# Just in time for Halloween!



## Rad (Feb 19, 2013)

My most recent creation just in time for Halloween! The topper is a gear shift knob -- the stick is partially blackened copper tubing with rubber tip.


----------



## CAS14 (Dec 28, 2012)

Nice topper!


----------



## Rad (Feb 19, 2013)

CAS said:


> Nice topper!


Thanks! Did you do something to make the pictures show up?


----------



## CAS14 (Dec 28, 2012)

No, must be magic! Really, I did nothing.


----------



## CAS14 (Dec 28, 2012)

Successfully deleted the other.


----------



## Rad (Feb 19, 2013)

CAS said:


> Successfully deleted the other.


Thank you!


----------



## Rad (Feb 19, 2013)

Anyone else making a seasonal stick?


----------



## Rad (Feb 19, 2013)

Got to use my Halloween stick last night as I walked the grandson around the neighborhood!


----------



## CAS14 (Dec 28, 2012)

Pics?

My two were mutant ninja turtles. No sticks, just swords!


----------



## Fordj (Jan 8, 2014)

New thought for sticks too short to be made into canes: Topped like this, a wooden shift lever might just fit the bill for a wild ride in a pre '40 Rat Rod. Ties in to the whole wooden framed body structure.

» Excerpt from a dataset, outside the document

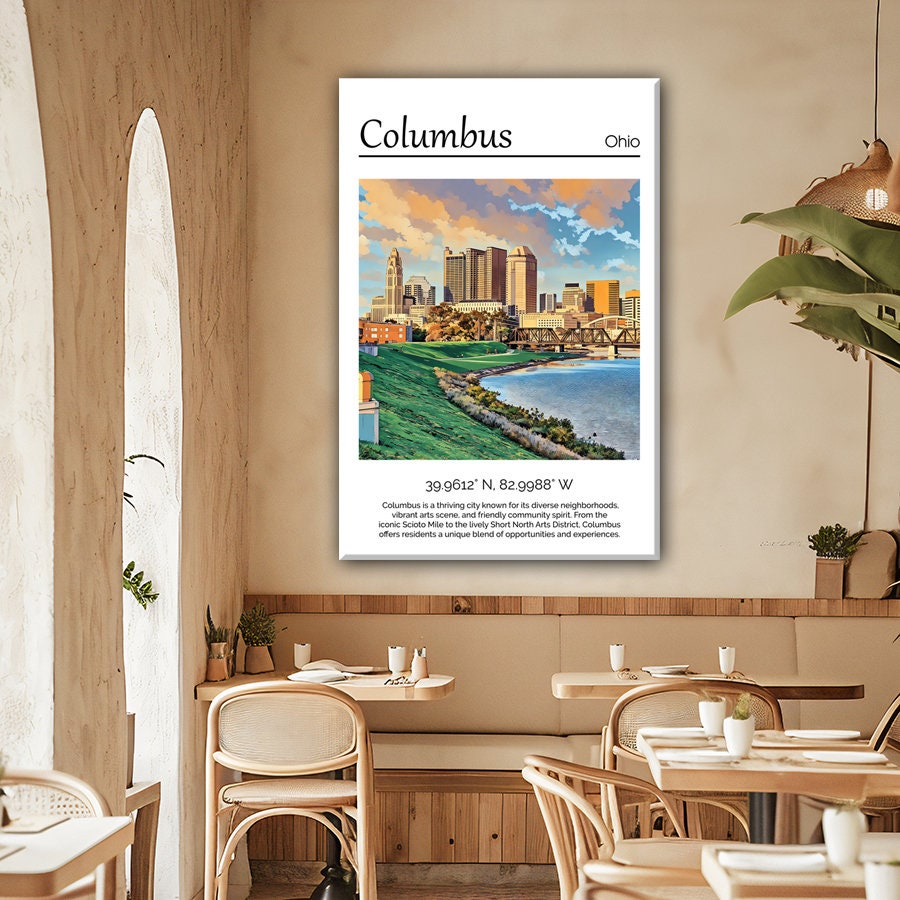 Transform your living space with this exquisite piece of artwork. Order now and elevate your decor with our Columbus Ohio travel art canvas print.
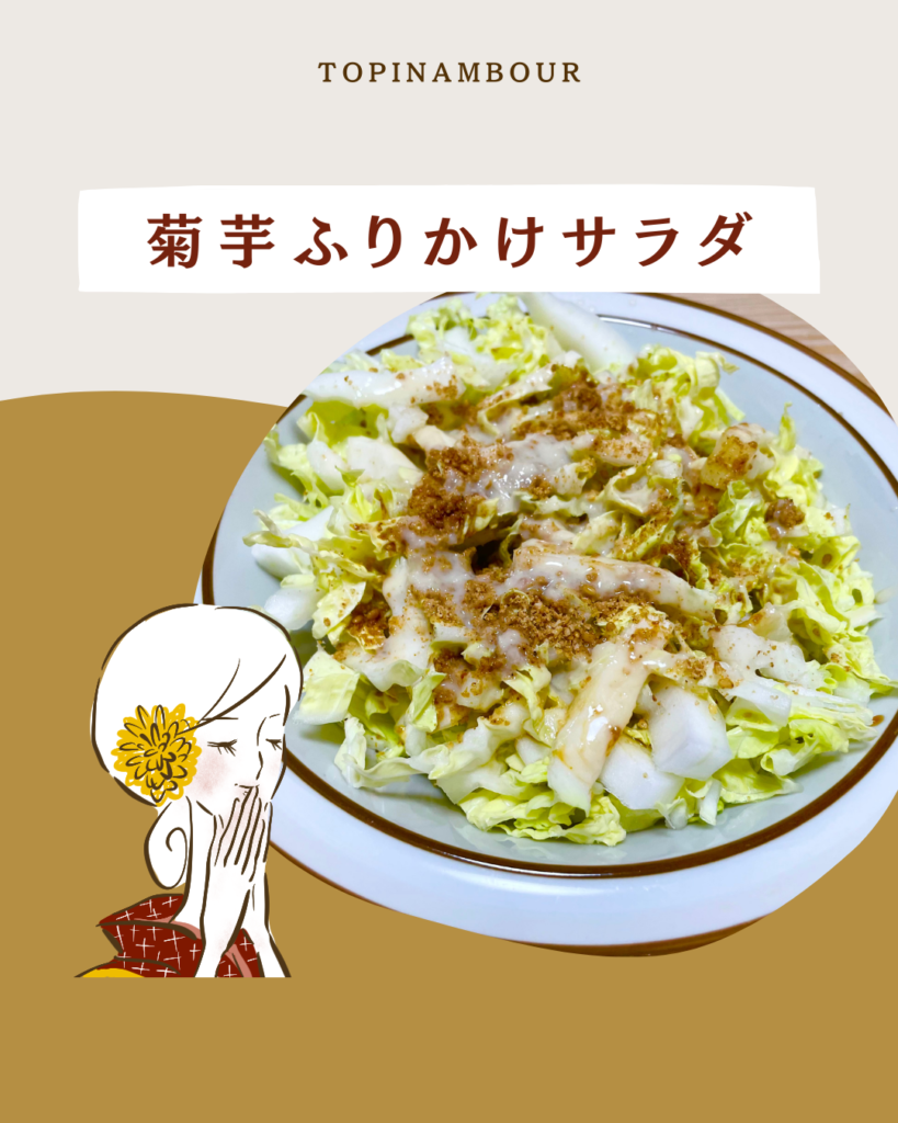 【菊芋ふりかけサラダ】 焙煎された菊芋粉末タイプとすりごまは相性がよく、簡単にふりかけができます😋こちらは白菜のシンプルなサラダ🥗 材料(2人分)白菜…4枚菊芋粉末(焙煎タイプ)…大さじ1杯半焙煎すりごま…50g塩…お好 […]

I helped build a '31 Model A Rat, this would have been snapped up, lickity split.

Awesome Stick, Rad!


----------



## Rad (Feb 19, 2013)

Thanks Fordj!


----------



## cobalt (Nov 14, 2013)

different combination but variety is the spice of life. Good to see projects tackled in a different way

well done Rad


----------



## Rad (Feb 19, 2013)

Thank you cobalt -- interesting how this thread has been revived.


----------